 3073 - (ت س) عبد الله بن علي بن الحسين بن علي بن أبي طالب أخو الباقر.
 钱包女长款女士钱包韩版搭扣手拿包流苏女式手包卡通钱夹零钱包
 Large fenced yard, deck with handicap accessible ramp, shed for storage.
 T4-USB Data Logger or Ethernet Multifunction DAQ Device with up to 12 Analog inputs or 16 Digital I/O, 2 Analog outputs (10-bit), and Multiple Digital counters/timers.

...

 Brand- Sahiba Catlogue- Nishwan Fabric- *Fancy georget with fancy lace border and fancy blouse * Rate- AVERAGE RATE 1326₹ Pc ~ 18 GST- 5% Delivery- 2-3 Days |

__What is needed__:
Using the records above, select and copy every line that has the word "with".

__Answer for the task__:
 Large fenced yard, deck with handicap accessible ramp, shed for storage.
 T4-USB Data Logger or Ethernet Multifunction DAQ Device with up to 12 Analog inputs or 16 Digital I/O, 2 Analog outputs (10-bit), and Multiple Digital counters/timers.
 Brand- Sahiba Catlogue- Nishwan Fabric- *Fancy georget with fancy lace border and fancy blouse * Rate- AVERAGE RATE 1326₹ Pc ~ 18 GST- 5% Delivery- 2-3 Days |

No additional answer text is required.